Nature has often been seen as the “other” of human culture, an ahistorical, passive screen on which to project a truth about humanity’s origins—think of Romantic escapism, or the diaries Gauguin wrote while in Tahiti. Nature conceived as a beautiful allegory of this sort is nature mystified, producing aesthetic feelings of wonder and awe. The scientific gaze, on the other hand, demystifies nature by turning it into an object to study, measure, classify and explicate. In this conception of the natural world, humans are the active knowers, interested in, but not overwhelmed by, what they see.
I sometimes ask myself whether a re-mystification of nature is at play in the artworks I’ve discussed above. These artists mostly emphasize not knowing, cultivate a loss of understanding and offer strong, immediate visual experiences. At the same time, the cold, detached gaze of the flatbed scanner, the laser or the microscope precludes sentimental attachment. Over the past decade, the art world has adopted the language of object-oriented ontology, a philosophical school that has in part produced theoretical descriptions of humanity’s relationship with nature that, to some extent, resonate with the artistic positions I’ve highlighted. Graham Harman, a leading figure of this “ontological turn,” has argued, for instance, that objects retain a “dark core” that is inaccessible to human observers and fundamentally unknowable.
But rather than applying such a theoretical framework to these artworks, I’d like to contextualize them instead within a contemporary visual paradigm that includes Godard’s film as well as a broadly defined visual culture.

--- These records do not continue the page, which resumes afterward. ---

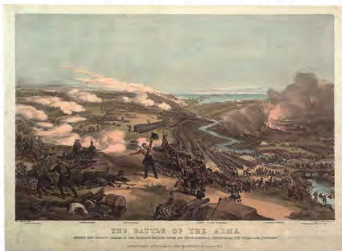
Битва на реке Альме. Атака шотландской пехоты. Гравюра

В некотором расстоянии, за телеграфом, были остановлены войска генерала Кирьякова , которые встретили дивизию Наполеона довольно сильным огнем, но не на подъеме, а уже на вершине горы. Тотчас же после этого последовала общая атака всех трех французских дивизий, бывших на высотах левого берега, что заставило отступить всю линию наших войск, расположенную от телеграфа до левого фланга включительно. Маршал Сент-Арно прибыл на высоты вслед за дивизией принца Наполеона и, как только войска овладели телеграфом, получил известие о том, что атака англичан отбита и что они находятся в затруднительном положении. Чтобы подать скорейшую помощь союзникам, французский главнокомандующий приказал одной из своих бата-
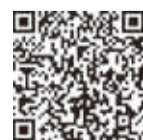
▲コロナワクチンについて

▼予約方法 市コールセンター☎0570(00)098かWEB申込フォームより。医療機関での直接予約も受け付けています。受付機関は市ホームページでご確認ください。
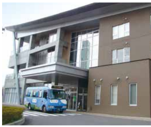
守谷駅西口からモコバスで約10分、いこいの郷・板戸井ルート「いこいの郷」下車、正面玄関に停留所があります。

お問合せ先 いこいの郷 常総(守谷市大木1468) ☎0297-48-3217 受付は午前9時から 休館日:毎月第2、第4火曜日
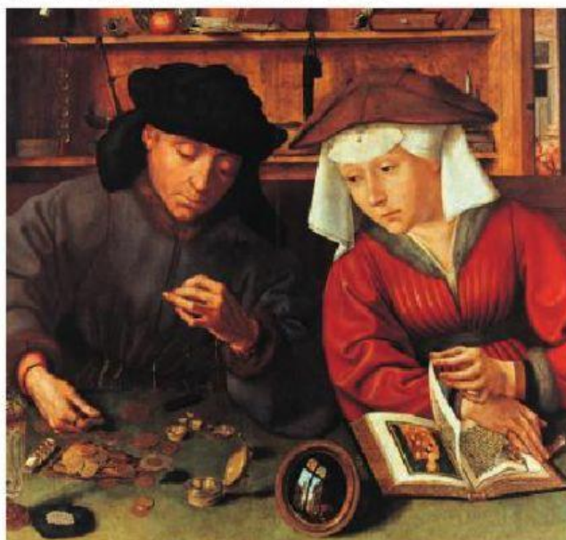
↑ Quintín Massys, El cambista y su mujer . (1514).

Observa la siguiente imagen y luego responde la pregunta 3 y 4.
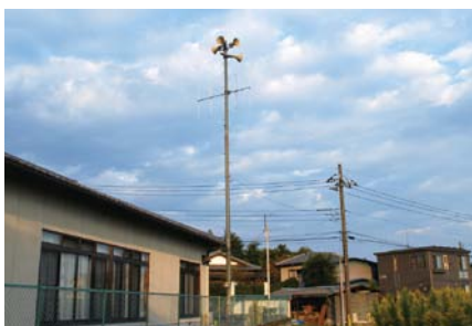
箕郷地域にある防災行政無線

質問 災害など緊急時に危険を知らせるには、防災行政無線が効果的と考えるが、現在の配置状況は。また、市全体を網羅できないか。
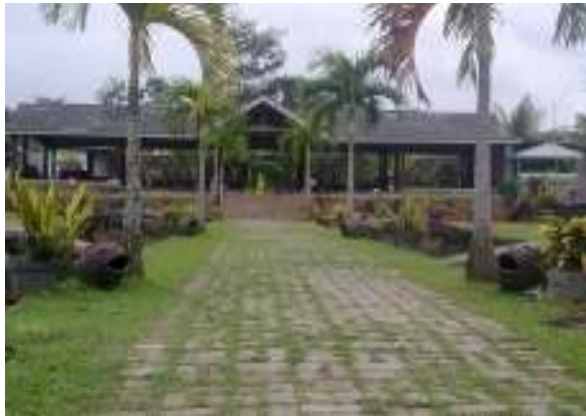
Lokasi Tempat Pertemuan (Aula) I
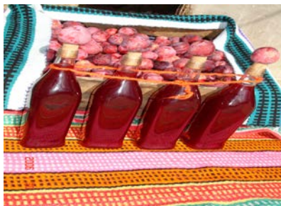
VINOS Y CARONAS
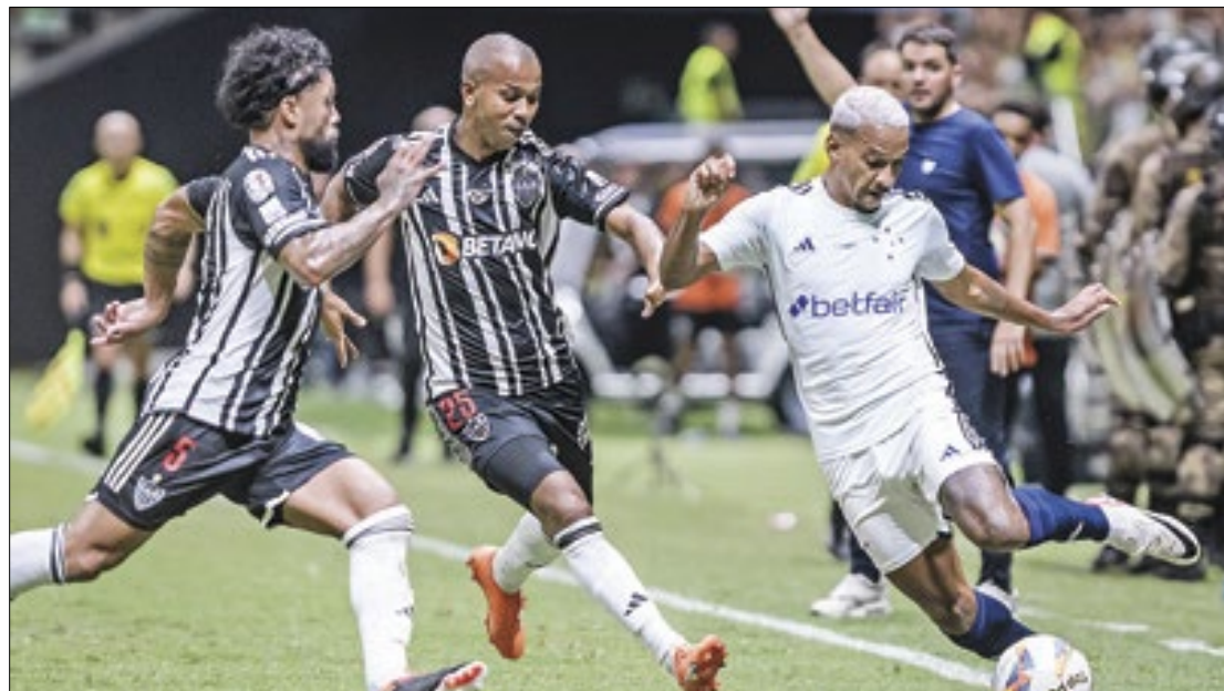
Em campo, rivais disputam o clássico com garra e vontade. Porém, do lado de fora dos estádios, "torcedores" organizados travam guerras pelas ruas

Futebol ainda precisa ratificar a decisão do MP, e publicar a decisão em seu site e da CBF, fazendo constar que se trata de Resolução das entidades organizadoras dos campeonatos de futebol que tenham a participação do Cruzeiro e do Atlético.
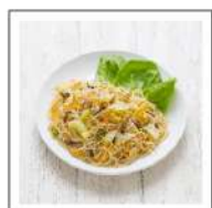
ピーフン・チャプチェ
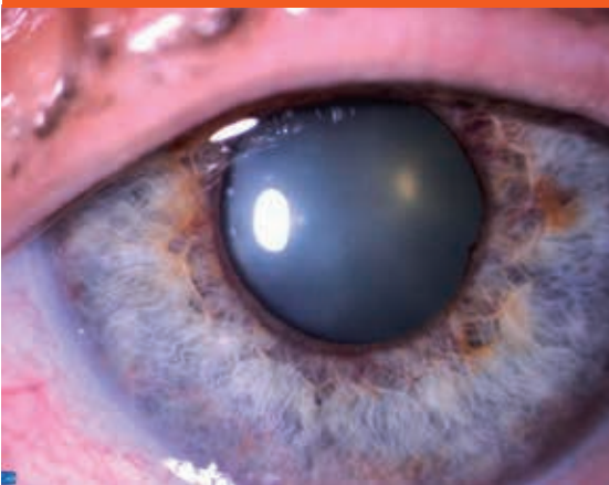
Obr. 1. Rubeóza dúhovky
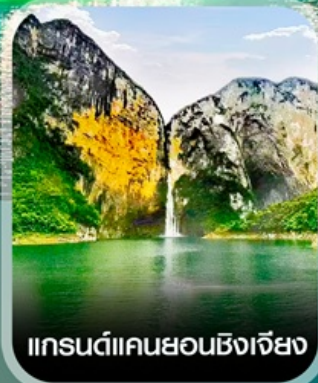
แกรนด์แคนยอนซิงเจี๋ย
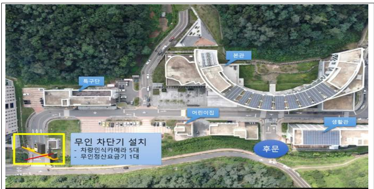
[표] 소방학교 주차차단기 설치 위치도(소방행정타운 정문)
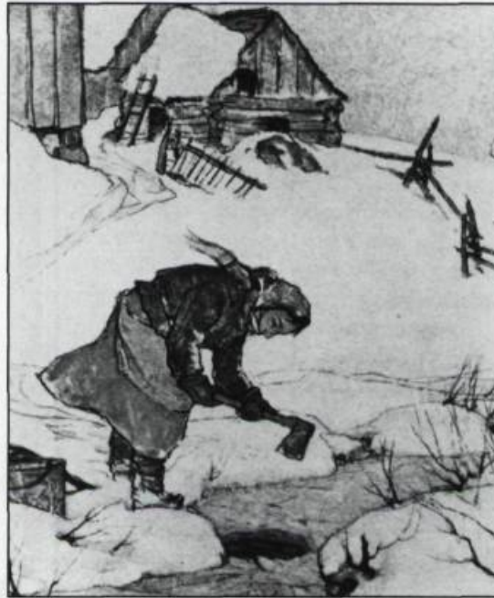
Maria s'appretant à puiser l'eau d'un ruisseau près de sa maison à Péribonka. Illustration de Clarence Gagnon pour l'édition du roman de Louis Hémon publiée chez Mornay à Paris en 1933.

cultée » par la religion. Menaud pousse son « cri » poétique et finit par « rouler les grains de son chapelet ». Mû par la révolte d'abord, il passe de la montagne au « bois hostile », et il rejoint ainsi le thème de l'errance canadienne-française: « cette fête-là n'était pas pour lui. Il n'était qu'un intrus maintenant, un rôdeur sombre, furtif, le dépossédé revenu, malgré les lois, s'emplit une dernière fois les yeux au bord de la fête interdite ».
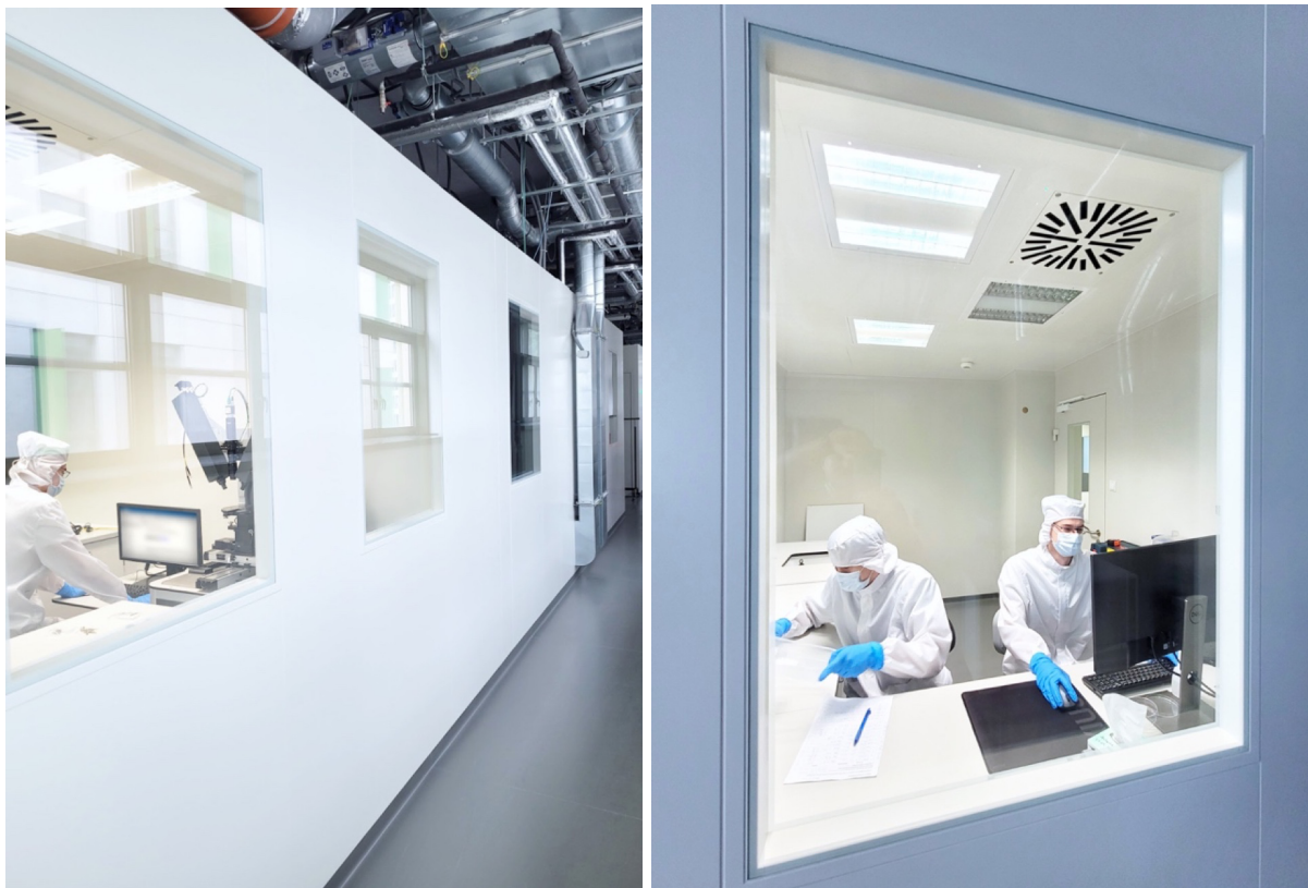
Fot: Pomieszczenia Clean Room w SDS Optic S.A.

Raport kwartalny SDS Optic S.A. za okres od 1 kwietnia 2022 r. do 30 czerwca 2022 r.
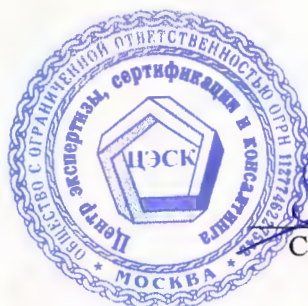
Скоблик А.А. Эксперт
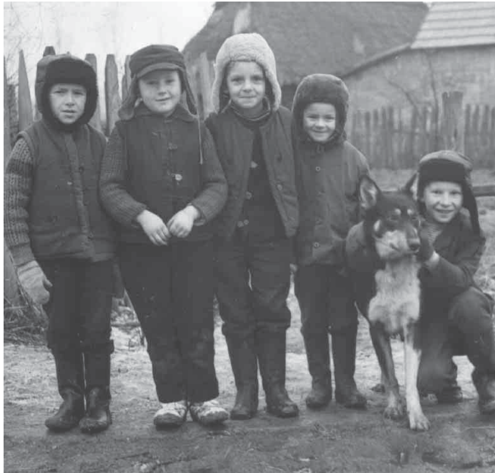
Дзеці з Тымянкі

За сямю лясамі ды за сямю балатамі жыў такі чарадзея, што ўсё мог рабіць. Пайшоў да яго той чалавек. Ідзе ён ды ідзе лесам, бачыць — ліпа абв'язана, думае — пчолы. Падышоў бліжэй, зірнуў, аж дупло зусім нізка, а ў ім мёд. Выдраў ён тыя пчолы і пайшоў далей. Бачыць — другое дрэва
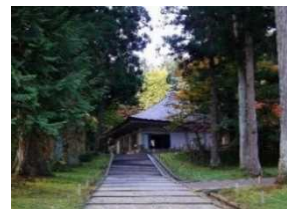
4) 平泉 (岩手県平泉町)

世界遺産。約 900 年前に建てられた中尊寺金色堂には、ミイラ化した亡骸が納められている。
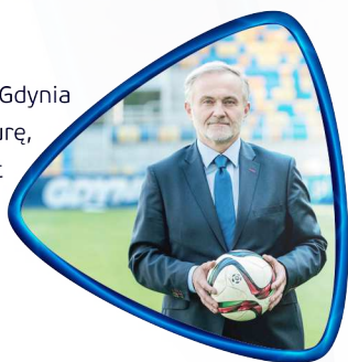
Wojciech Szczurek Prezydent Gdyni

Zrobimy wszystko, aby zagwarantować najwyższy możliwy poziom organizacyjny imprezy. Gdynia posiada nie tylko niezbędne doświadczenie, ale również doskonale przygotowaną infrastrukturę, na której niejednokrotnie rywalizowały młodzieżowe reprezentacje. Mieszkańcy Gdyni od lat zakochani są w sporcie. Już nie możemy doczekać się chwil, gdy wspólnie dopingować będziemy aktualne i przyszłe gwiazdy światowego futbolu.
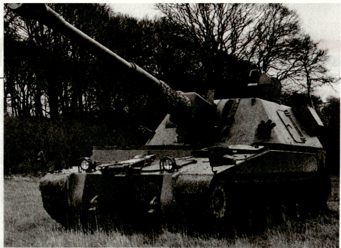
Prototyp der neuen britischen Panzerhaubitze 155 mm AS90, deren Auslieferung an die Royal Artillery kürzlich begonnen hat.

Diese B27-Studie kam zum Schluss, dass eine optimale Auflockerung sowie ausreichende Tarnung und Mobilität notwendige Voraussetzungen zur Gewährleistung der eigenen Konterbatteriefähigkeit bilden. Diese Erkenntnisse waren die Grundlage für das
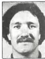
Club King contra Pilier 1,90m - 104kg 21 años
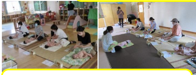
月1回行われるベビーマッサージ。今月は、先生の都合で2回行いました。穏やかな雰囲気、親子のコミュニケーションを楽しみました。
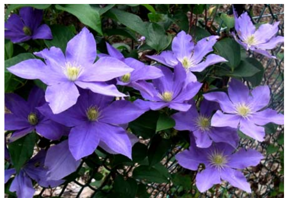
藤娘（ふじむすめ） 日本を代表する品種で当園の人気 No. 1 品種
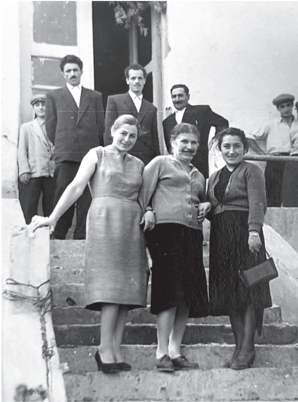
ასპინძის საშუალო სკოლის პედაგოგები. 1960 წელი.
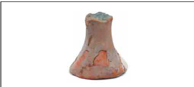
14. Stopa pehara. Visina 11 cm, prečnik zvonastog dna 9,2 cm. Inventarni broj 3884.
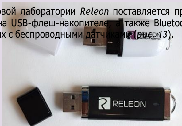
Рис. 13. Общий вид USB-флеш-накопителя (внизу) и Bluetooth-адаптера (вверху)

В комплекте цифровой лаборатории Releon поставляется программное обеспечение Releon Lite на USB-флеш-накопителе, а также Bluetooth-адаптер для связи регистратора данных с беспроводными датчиками (рис. 13).
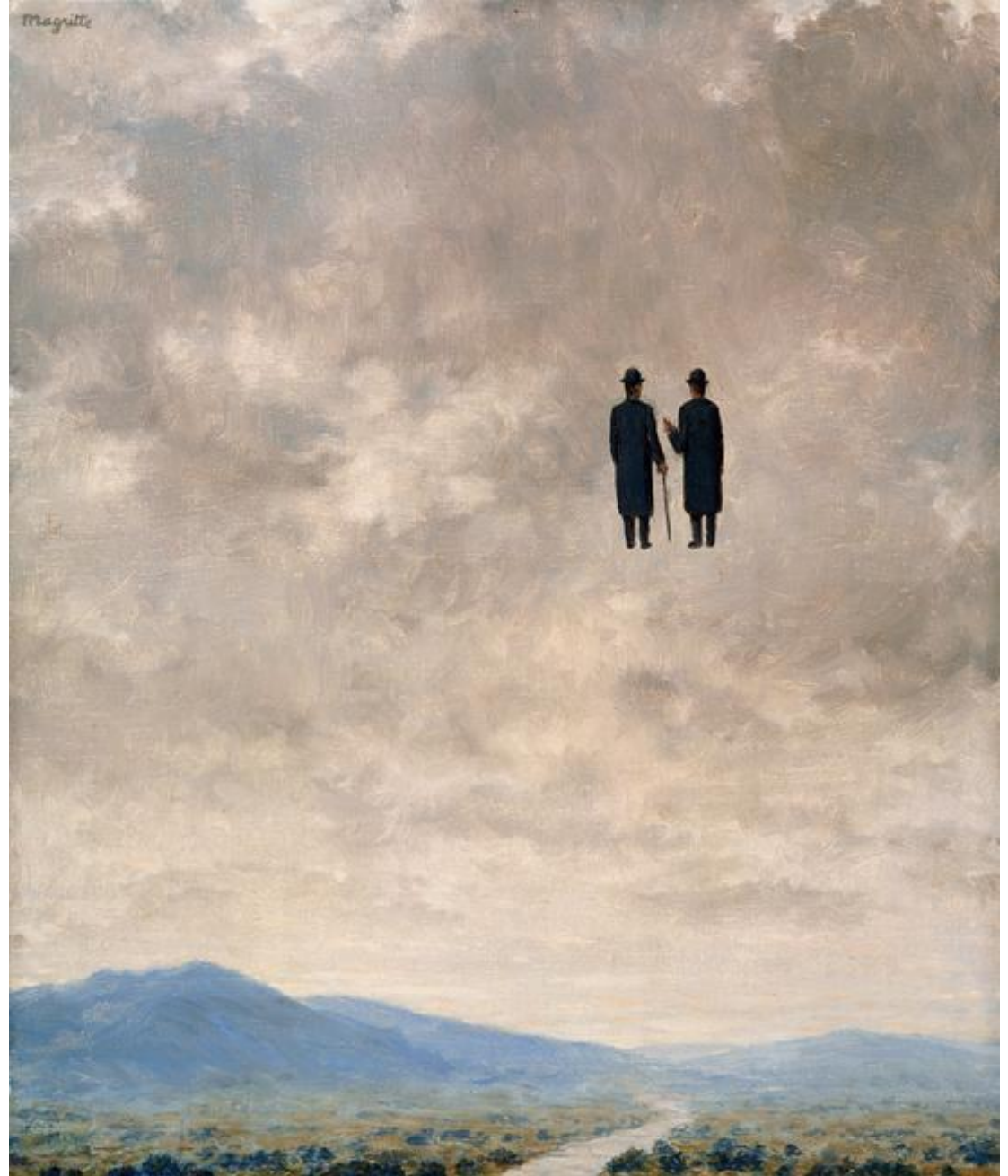
René Magritte (1963), El arte de la conversación .

La conversación, como diálogo, coloca a los conversadores en una posición espacio-temporal distinta, provocando una nueva perspectiva (discurso) de la realidad.
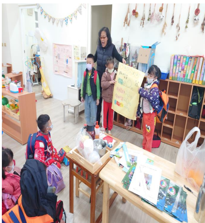
學生做販售商品海報價格表
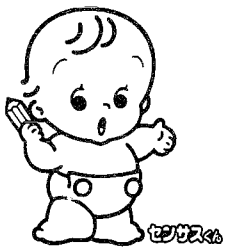
国勢調査イメージ・キャラクター

今年、国勢調査が行われます。日本に住んでいるすべての人が対象です。来る21世紀に欠くことのできない統計を提供します。この調査の実施をあなたの作ったポスターでかけましょう。
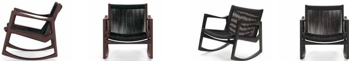
Eiche braun gebeizt mit schwarzer Kordel Oak brown-stained with black cord
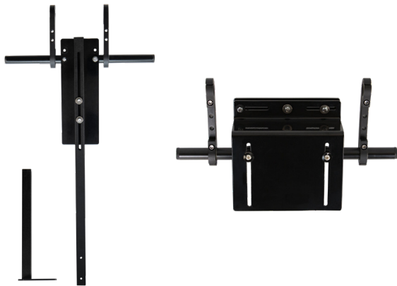
Sitz viereckige Rohrbefestigung
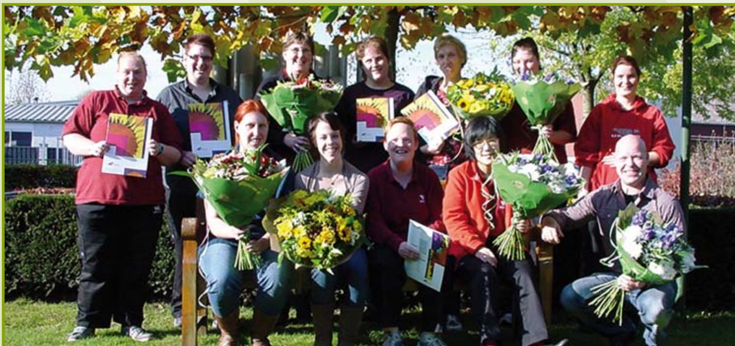
De gediplomeerde schoonmakers
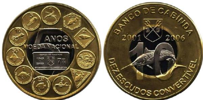
Рис. 7.1. Токен Кабинды в 10 эскудо 2006

Изготовление токенов рассчитано на спрос со стороны неискушенных коллекционеров монет в наиболее популярных сегментах: монеты с изображениями животного мира, биметаллические монеты, монеты необычной формы.
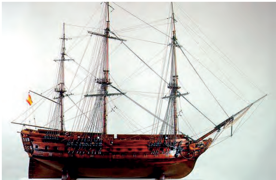
Navío San Ildefonso (1785-1805).

En mayo de 1802, al regreso de la escuadra a Cádiz, tras treinta y cinco meses desde su última salida, Escaño fue de los primeros en volver a navegar para llevar a sus reyes a Nápoles:
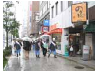
3月10日谷町付近啓発活動
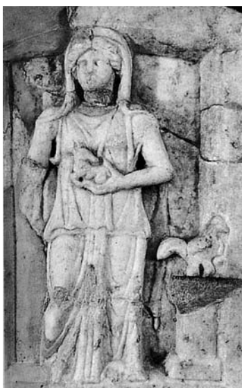
Сл. 2. Рељеф, Romula
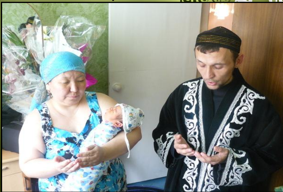
Рис.5.Завершение обряда молитвой

Традиция угощения гостей (бябй ашы) осталась с давних времен. Этим и завершается обряд связанный с рождением ребенка

Microscopic detail is a familiar part of our image vocabulary. Medical dramas on television, for example, have accustomed us to images of malignant cells moving through arteries, attacking healthy organs. Good chefs and knowledgeable diners have likewise embraced the idea of “molecular gastronomy.”
Our lives are increasingly subject to surveillance procedures that make our everyday actions available in great detail to observers. In a way, these technologically advanced artworks bring the technologies and visual language of surveillance to leaves, stones or drops in a river—terrain that is often considered “pure,” untouched by power.
The drive to look more closely at the detailed structures of things that may appear remote from us (an extraterrestrial stone, the structure of an Amazonian leaf) is hardly unprecedented in the optical paradigm we inhabit. What differentiates these artworks, and makes them vital to discuss, is how they decentralize the human viewer as a knowing subject, requiring us to rethink boundaries between ourselves and the world at large.